Large Language Model Based Autonomous Task Planning for Abstract Commands

This paper proposes a two-phase LLM-based framework for autonomous robotic task planning that can interpret and execute abstract natural language commands (e.g., 'Put the food ingredients in the same place') without explicit object or location specifications, using a hierarchical scene graph for environmental grounding.

Problem Statement

Existing LLM-based task planning for robots typically requires explicit, concrete commands that specify target objects and their locations, limiting usability for everyday users who communicate abstractly. Abstract commands require robots to autonomously infer task-relevant objects and spatial relationships from their environment, which prior systems cannot handle. This gap prevents practical deployment of robot assistants in unstructured real-world settings.

Key Novelty

Two-phase framework separating environment recognition from task planning, enabling robots to handle underspecified, abstract commands
Use of a large vision-language model (VLM) to generate a hierarchical scene graph that encodes object-space relationships for downstream LLM reasoning
Demonstration that structured environmental representations (scene graphs) can bridge the gap between abstract user intent and concrete executable robot actions

Evaluation Highlights

Framework validated in AI2THOR simulation environment, showing superior task execution performance on abstract commands compared to baseline approaches
Qualitative and quantitative comparisons demonstrate improved success rates in interpreting and executing tasks where target objects/locations are not explicitly named

Breakthrough Assessment

5/10 The paper makes a solid and practically relevant contribution by combining VLM-based scene graph generation with LLM task planning for abstract commands, but the individual components (LLMs, VLMs, scene graphs) are well-established; the novelty lies primarily in their integration and application to this underexplored problem setting.

Methodology

Environment Recognition Phase: A vision-language model perceives the robot's surroundings and constructs a hierarchical scene graph capturing spatial relationships and object categories across the environment
Task Planning Phase: An LLM ingests the hierarchical scene graph alongside the abstract natural language command to reason about which objects and locations are relevant and generates a structured task plan
Execution & Validation: The generated task plan is executed in the AI2THOR simulation environment, and success is measured against ground-truth task completion criteria for abstract command scenarios

System Components

Hierarchical Scene Graph Generator

A large vision-language model that processes visual observations of the robot's environment and outputs a structured graph representing objects, their attributes, and spatial/semantic relationships to surrounding spaces

Abstract Command Interpreter (LLM Planner)

An LLM that takes the scene graph and an abstract user command as input and produces a concrete, step-by-step task plan by inferring relevant objects and target locations

AI2THOR Simulation Environment

Used as the validation testbed, providing a realistic indoor 3D environment where robot agents can execute and evaluate the generated task plans

Results

Metric/Benchmark	Baseline (Explicit Commands / Prior LLM Planning)	This Paper (Abstract Command Framework)	Delta
Task Success Rate on Abstract Commands	Lower / not designed for abstract input	Superior performance (specific numbers not reported in abstract)	Positive improvement
Handling of Underspecified Object Targets	Fails or requires clarification	Autonomous resolution via scene graph	Qualitative improvement
Environment: AI2THOR Simulation	Standard LLM task planners	Proposed two-phase framework	Higher task completion

Key Takeaways

Hierarchical scene graphs are an effective intermediate representation to ground abstract natural language commands in physical robot environments, enabling LLMs to reason about implicit object/location references
Separating perception (scene understanding) from planning (LLM reasoning) into distinct phases improves modularity and allows best-in-class models to be used for each sub-task independently
For practitioners building robotic AI agents, this framework suggests that investing in rich, structured environmental representations fed to LLMs is more effective than expecting LLMs to handle both perception and planning end-to-end

Abstract

Recent advances in large language models (LLMs) have demonstrated exceptional reasoning capabilities in natural language processing, sparking interest in applying LLMs to task planning problems in robotics.

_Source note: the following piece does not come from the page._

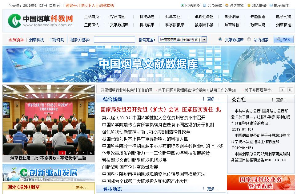 | 网站简介: 中国烟草科教网由国家烟草专卖局科技司主管、中国烟草总公司郑州烟草研究院主办、中国烟草科技信息中心承办。 |

Most studies focused on task planning for clear natural language commands that specify target objects and their locations. However, for more user-friendly task execution, it is crucial for robots to autonomously plan and carry out tasks based on abstract natural language commands that may not explicitly mention target objects or locations, such as ‘Put the food ingredients in the same place.’ In this study, we propose an LLM-based autonomous task planning framework that generates task plans for abstract natural language commands. This framework consists of two phases: an environment recognition phase and a task planning phase. In the environment recognition phase, a large vision-language model generates a hierarchical scene graph that captures the relationships between objects and spaces in the environment surrounding a robot agent. During the task planning phase, an LLM uses the scene graph and the abstract user command to formulate a plan for the given task. We validate the effectiveness of the proposed framework in the AI2THOR simulation environment, demonstrating its superior performance in task execution when handling abstract commands.